## Exercise description:
Every line below from the one containing "美国这边很流行一种J/C型孕" through the one containing "近日,湘西自治州科技局和财政" is to be printed exactly, with the pictures omitted.

Data excerpts:
[Start of section]

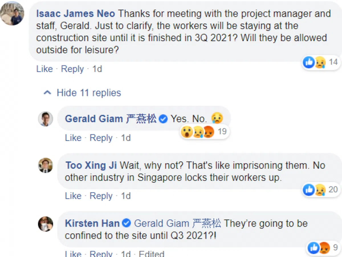 这根本是在变相囚禁客工。客工们并非犯人,怎能如此对待?新加坡其他行业都没有这么做!新加坡政论网站作者韩俐颖(Kirsten Han)也留言表示震惊。
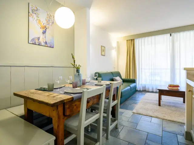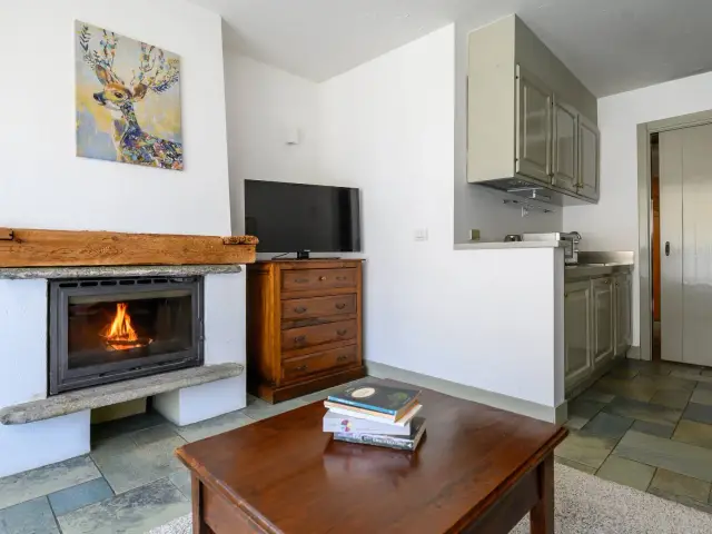 Gli spazi sono così suddivisi: ingresso, soggiorno con camino ed angolo cottura attrezzato; zona notte con camera matrimoniale, e cameretta con letto singolo, più una parete zona notte con letto a castello su misura. Doppi servizi.
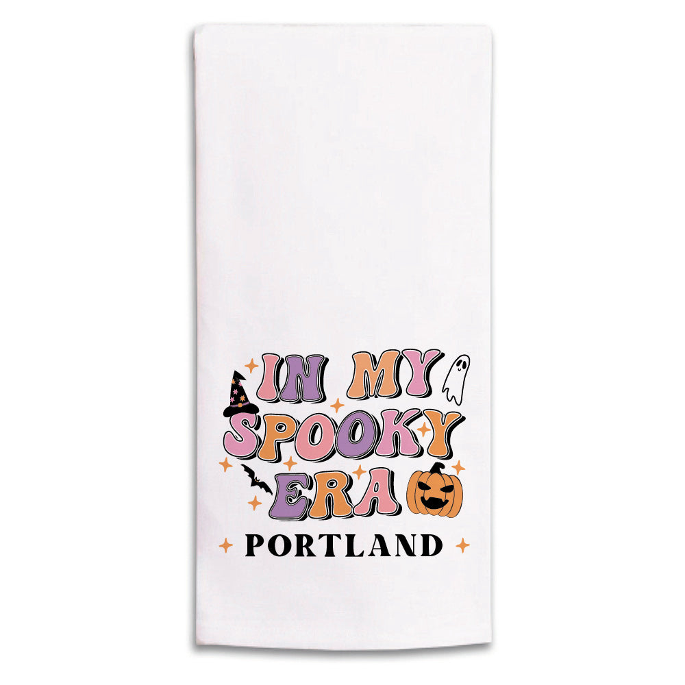 Elevate your Halloween decor with the "In My Spooky Era" personalized tea towel, perfect for adding a touch of festive charm to your kitchen. This unique towel not only serves as a functional kitchen accessory but also as a delightful conversation starter. Personalize it with your city or name to make it truly yours, and enjoy the seasonal spirit it brings to your home. Whether you're hosting a Halloween gathering or simply enjoying a cozy night in, this towel adds a playful and personalized touch to your space.
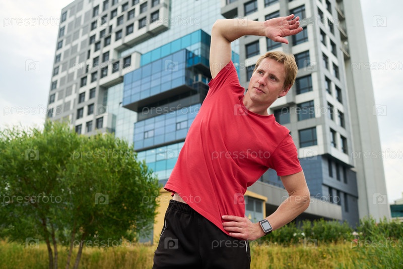 Молодой человек занимается на свежем воздухе возле современного офисного здания
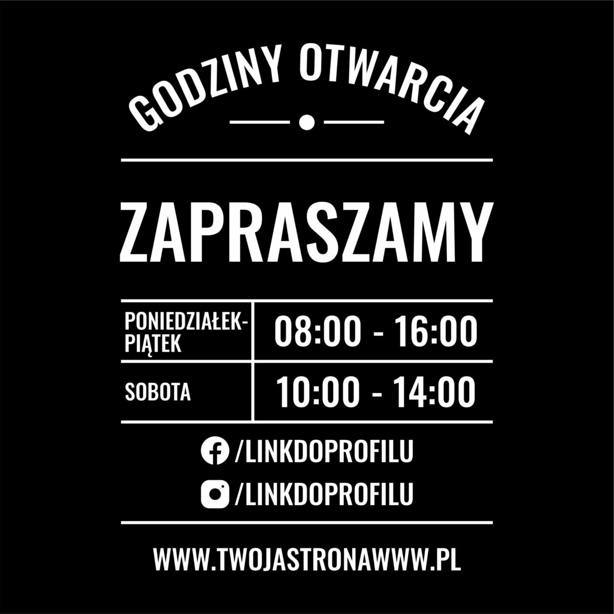 Naklejka z godzinami otwarcia wykonana z folii Oracal to produkt, który łączy w sobie estetykę, trwałość i funkcjonalność. Jest to idealne rozwiązanie dla firm, które chcą w profesjonalny sposób informować swoich klientów o godzinach dostępności usług. Dzięki wysokiej jakości materiałom oraz możliwości pełnej personalizacji, naklejka staje się nie tylko narzędziem informacyjnym, ale również ważnym elementem wizerunku Twojej firmy.
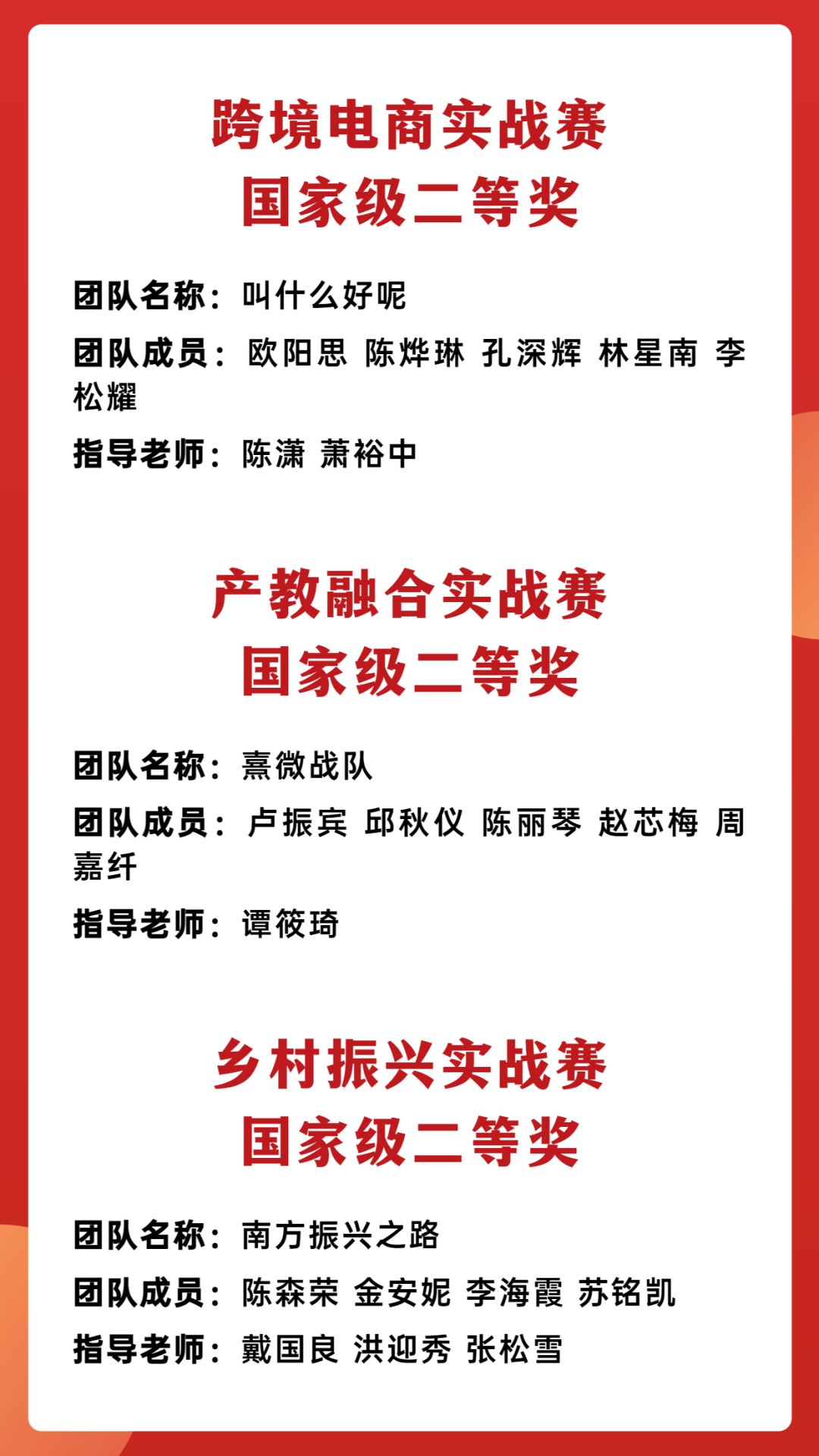 比赛获奖名单
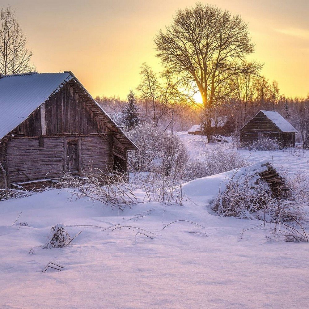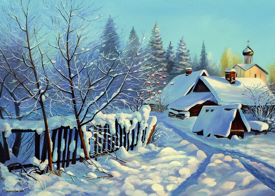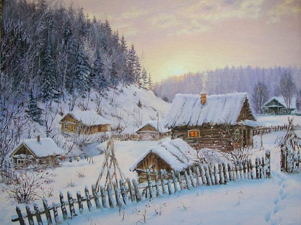Зимние Деревенские пейзажи Воля художник
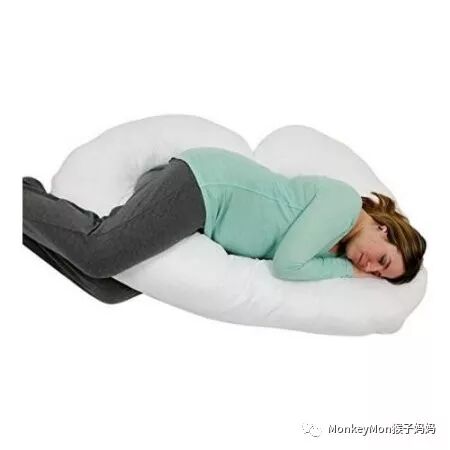 美国这边很流行一种J/C型孕妇枕头,睡觉时条形部分垫在肚子下面,弯勾部分夹在腿间,绝大多数孕妇都使用得非常舒适,认为是孕期睡眠的救星。我也用了一个,确实越是往后越是好用,很好地支撑了日渐长大的肚子,也让侧睡的双腿找到了平衡。
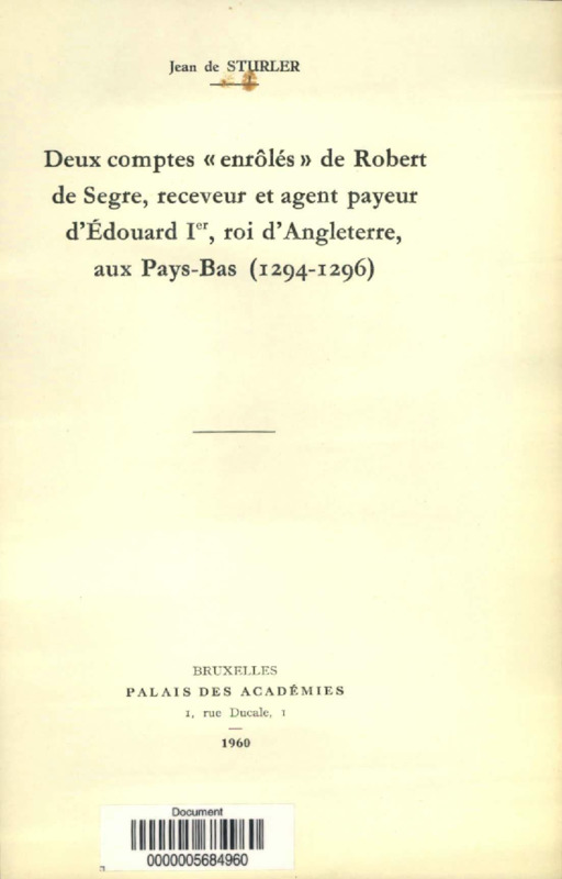 Deux comptes "enrôlés" de Robert de Segre; receveur et agent payeur d'Edouard Ier, roi d'Angleterre, aux Pays-Bas, 1294-1296
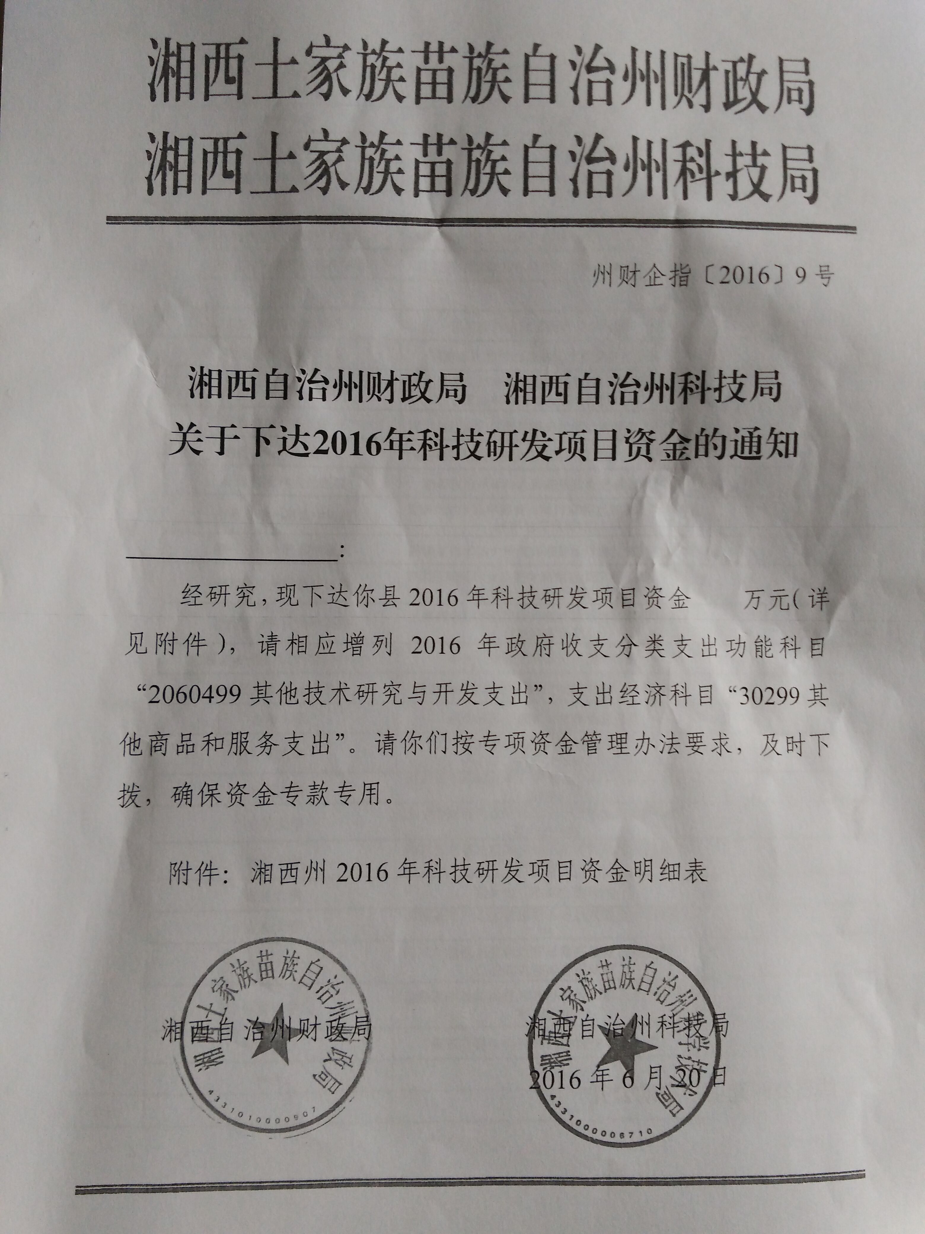 近日,湘西自治州科技局和财政局联合下文,确定湘西职院生物工程系主持的“猕猴桃细菌性溃疡病抗性砧木的选育与研究”为湘西自治州科研重点项目给予立项,配套科研资金达100万元,这是我院迄今为止获得的最高科研项目资助。
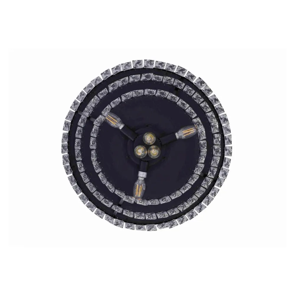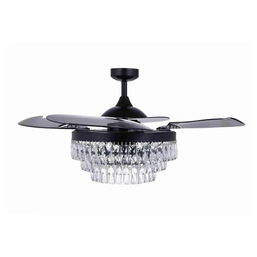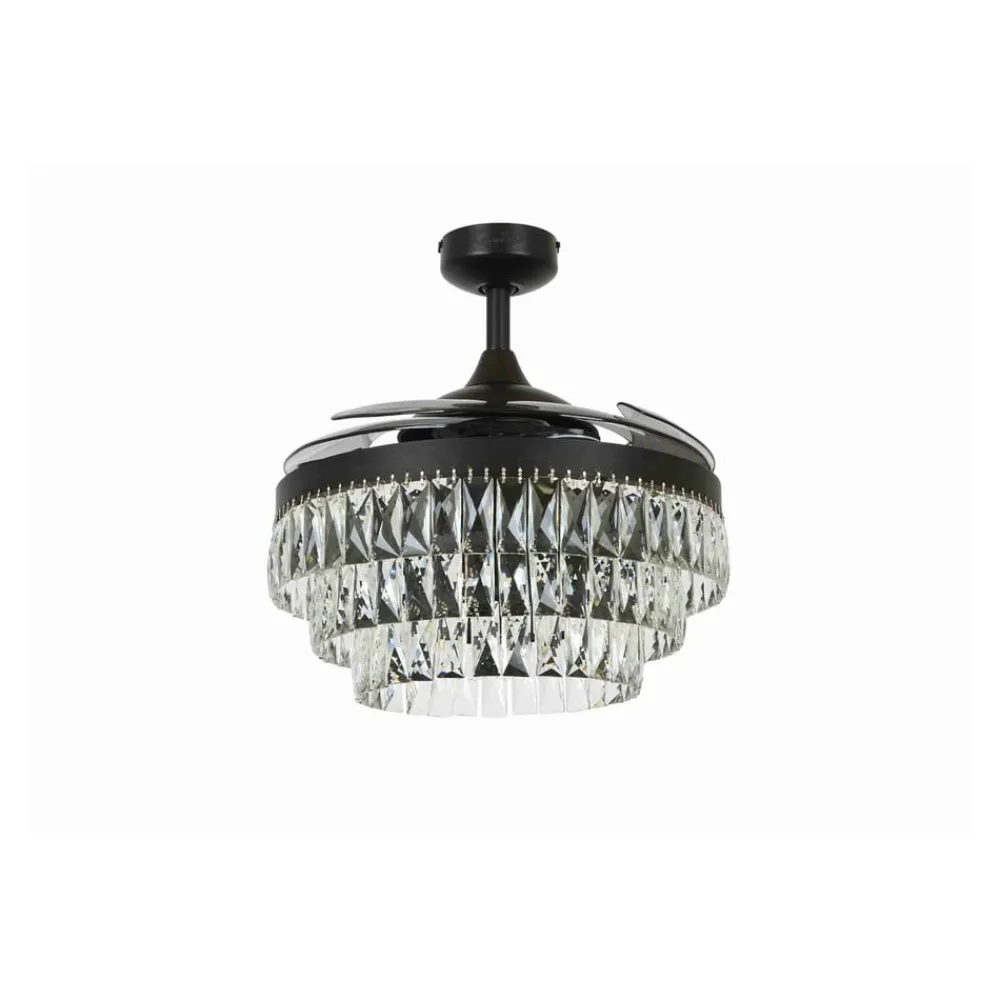 I krystallook – lysende loftventilator Fanaway Veil med fire udtrækkelige vinger og fjernbetjening Fanaway Veil er en elegant kombination af klassisk loftslampe og ventilator i krystal. De fire akrylblade er kun udfoldede i ventilatortilstand; når de udelukkende bruges som loftslampe, forsvinder de over huset. De fire medfølgende varmhvide E14 LED-lamper med glødetrådslook er placeret over et ophæng i krystallook, som giver en funklende lysoplevelse. Om sommeren giver Fanaway Veil en kølig brise. Om vinteren understøtter den reversible løberetning varmefunktionen. Også velegnet til nedhængte lofter. Funktioner: Fanaway Veil er udstyret med en vekselstrømsmotor, der muliggør tre hastighedsniveauer og en reversibel rotationsretning (justerbar på huset). Der medfølger passende lyskilder. Ventilator- og lysfunktionerne styres med den medfølgende fjernbetjening. Tekniske data: – Motorhastighed: 255/195/141 o/min – Motoreffekt: maks. 56 W – Luftcirkulation: maks. 180 m³/min Bemærk: Den medfølgende fjernbetjening kræver to AAA-batterier (medfølger ikke).
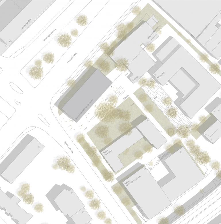 „In selbstverständlicher Weise gelingt es dem Verfasser, das neue Schulgebäude sowohl an den vorhandenen Schulstandort an der Luruper Hauptstraße anzubinden als auch von der Flurstraße städtebaulich zu definieren. Ein neuer Pausenhof verknüpft die Bestandsschule und den Schulneubau und bildet gleichsam einen angemessenen Vorplatz für die Schule.“

[End of section]

## Answer space:
 美国这边很流行一种J/C型孕妇枕头,睡觉时条形部分垫在肚子下面,弯勾部分夹在腿间,绝大多数孕妇都使用得非常舒适,认为是孕期睡眠的救星。我也用了一个,确实越是往后越是好用,很好地支撑了日渐长大的肚子,也让侧睡的双腿找到了平衡。
 Deux comptes "enrôlés" de Robert de Segre; receveur et agent payeur d'Edouard Ier, roi d'Angleterre, aux Pays-Bas, 1294-1296
 近日,湘西自治州科技局和财政局联合下文,确定湘西职院生物工程系主持的“猕猴桃细菌性溃疡病抗性砧木的选育与研究”为湘西自治州科研重点项目给予立项,配套科研资金达100万元,这是我院迄今为止获得的最高科研项目资助。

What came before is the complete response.